- **Provided data**
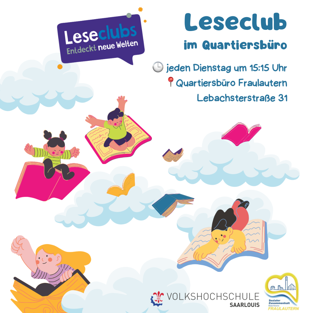 Das Quartiersbüro in Saarlouis Fraulautern bietet einmal wöchentlich einen Leseclub an. Jeden Dienstag von 15:15 bis 16:30 Uhr wird für Kinder im Alter von sechs bis zwölf Jahren eine unterhaltsame Umgebung gestaltet, um Fantasie zu entfalten, die Magie des Lesens zu erleben und die Welt der Bücher zu entdecken. Das Quartiersmanagement Fraulautern, die Volkshochschule Saarlouis und die Stadtbibliothek Saarlouis bieten gemeinsam ein vielfältiges Freizeitprogramm rund ums Lesen an. Im Leseclub gibt es noch freie Plätze für junge Leseratten. Aber auch Lesebegeisterte, die als Lesepatinnen und Lesepaten aktiv am Leseclub teilnehmen wollen, sind herzlich eingeladen.
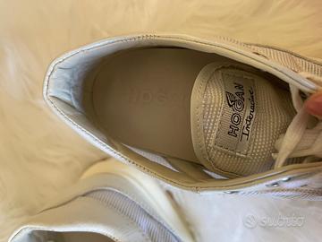 Hogan, modello Interactive, in una raffinata colorazione bianco perlescente con dettagli in tessuto tecnico. Un vero classico che unisce eleganza e comodità, perfetto per elevare qualsiasi outfit, dal look casual da giorno a quello più ricercato per la sera.
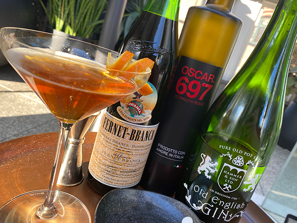 METHOD — Add 45ml Gin (Hammer & Son, Old English Gin or an Old Tom variety), 45ml sweet red Italian vermouth (I suggest Oscar 697 Rosso), and 5-to-10ml of Fernet Branca (to personal taste) into a cocktail shaker. There is no substituting the Fernet Branca, it isn’t a ‘Hanky Panky’ without it. Shake with a handful of ice until cold (10-15 seconds) and strain into a chilled Martini glass. Garnish with an Orange Twist and float some orange zest oil on the surface of the cocktail.
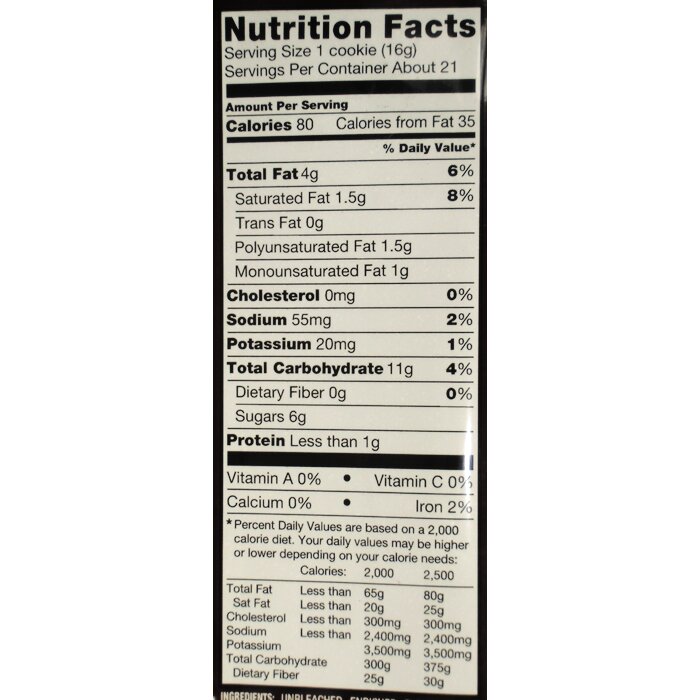 Zutaten: Ungebleichtes angereichertes Mehl (WEIZENMEHL, Niacin, reduziertes Eisen, Thiamin Mononitrat, Riboflavin, Folsäure), Zucker, ZARTBITTERSCHOKOLADE Brocken (Zucker, SCHOKOLADE, Dextrose, KAKAOBUTTER, MILCH, SOJA-LECITHIN), SOJAÖL, teilweise hydriertes Palmkern und/oder Baumwollsamenöl, MILCH, Backtriebmittel (Backpulver, Ammoniumphosphat), Salz, Melasse, Maissirup mit hohem Fruchtzuckergehalt, MOLKE, SOJA-LECITHIN, Aromen, Karamell Farbe. Enthält: WEIZEN, MILCH, SOJA.

- **Brief**
What is needed is the full material, retyped unchanged, with no pictures in it.

- **Answer section**
 Das Quartiersbüro in Saarlouis Fraulautern bietet einmal wöchentlich einen Leseclub an. Jeden Dienstag von 15:15 bis 16:30 Uhr wird für Kinder im Alter von sechs bis zwölf Jahren eine unterhaltsame Umgebung gestaltet, um Fantasie zu entfalten, die Magie des Lesens zu erleben und die Welt der Bücher zu entdecken. Das Quartiersmanagement Fraulautern, die Volkshochschule Saarlouis und die Stadtbibliothek Saarlouis bieten gemeinsam ein vielfältiges Freizeitprogramm rund ums Lesen an. Im Leseclub gibt es noch freie Plätze für junge Leseratten. Aber auch Lesebegeisterte, die als Lesepatinnen und Lesepaten aktiv am Leseclub teilnehmen wollen, sind herzlich eingeladen.
 Hogan, modello Interactive, in una raffinata colorazione bianco perlescente con dettagli in tessuto tecnico. Un vero classico che unisce eleganza e comodità, perfetto per elevare qualsiasi outfit, dal look casual da giorno a quello più ricercato per la sera.
 METHOD — Add 45ml Gin (Hammer & Son, Old English Gin or an Old Tom variety), 45ml sweet red Italian vermouth (I suggest Oscar 697 Rosso), and 5-to-10ml of Fernet Branca (to personal taste) into a cocktail shaker. There is no substituting the Fernet Branca, it isn’t a ‘Hanky Panky’ without it. Shake with a handful of ice until cold (10-15 seconds) and strain into a chilled Martini glass. Garnish with an Orange Twist and float some orange zest oil on the surface of the cocktail.
 Zutaten: Ungebleichtes angereichertes Mehl (WEIZENMEHL, Niacin, reduziertes Eisen, Thiamin Mononitrat, Riboflavin, Folsäure), Zucker, ZARTBITTERSCHOKOLADE Brocken (Zucker, SCHOKOLADE, Dextrose, KAKAOBUTTER, MILCH, SOJA-LECITHIN), SOJAÖL, teilweise hydriertes Palmkern und/oder Baumwollsamenöl, MILCH, Backtriebmittel (Backpulver, Ammoniumphosphat), Salz, Melasse, Maissirup mit hohem Fruchtzuckergehalt, MOLKE, SOJA-LECITHIN, Aromen, Karamell Farbe. Enthält: WEIZEN, MILCH, SOJA.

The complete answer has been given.